[Required work] Extract the lines beginning at the one that holds "Two vibrant electric" and ending at the final line of the material below, keeping them exact and leaving out all pictures.

[Given data]
-----

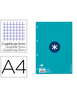 Recambio A4 Antartik. 80 hojas. Cuadro de 5 mm. 1 banda con 4 taladros. Elrecambio con exclusivo diseño, características de alta gama, un recambio sin precedentes que se distingue por la suavidad y blancura de su papel. Papel extrablanco de 90 g/m2, ultrasuave que hace la escritura mucho más fluida. La tinta no traspasa. Color turquesa. Ideal como complemento para tucarpeta Antartik. Color turquesa.
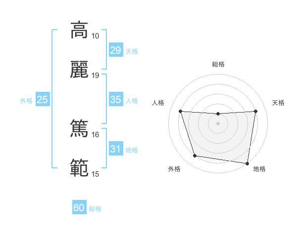 高麗 篤範さんの総格は60画の1点!
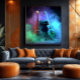 Two vibrant electric guitars - one in earthy tones, another in emerald blue - rest elegantly alongside an amplifier, creating an immersive musical atmosphere. The contrast between the instruments and the dark surroundings evokes passion and creativity, perfect for music lovers seeking visual inspiration.
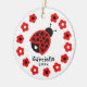 Dated Cute red & black ladybug girl Christmas Ornament set on a white background framed with red flowers. A Wonder Christmas gift sure to be treasured for many years to come.

-----

[Answer to the exercise]
 Two vibrant electric guitars - one in earthy tones, another in emerald blue - rest elegantly alongside an amplifier, creating an immersive musical atmosphere. The contrast between the instruments and the dark surroundings evokes passion and creativity, perfect for music lovers seeking visual inspiration.
 Dated Cute red & black ladybug girl Christmas Ornament set on a white background framed with red flowers. A Wonder Christmas gift sure to be treasured for many years to come.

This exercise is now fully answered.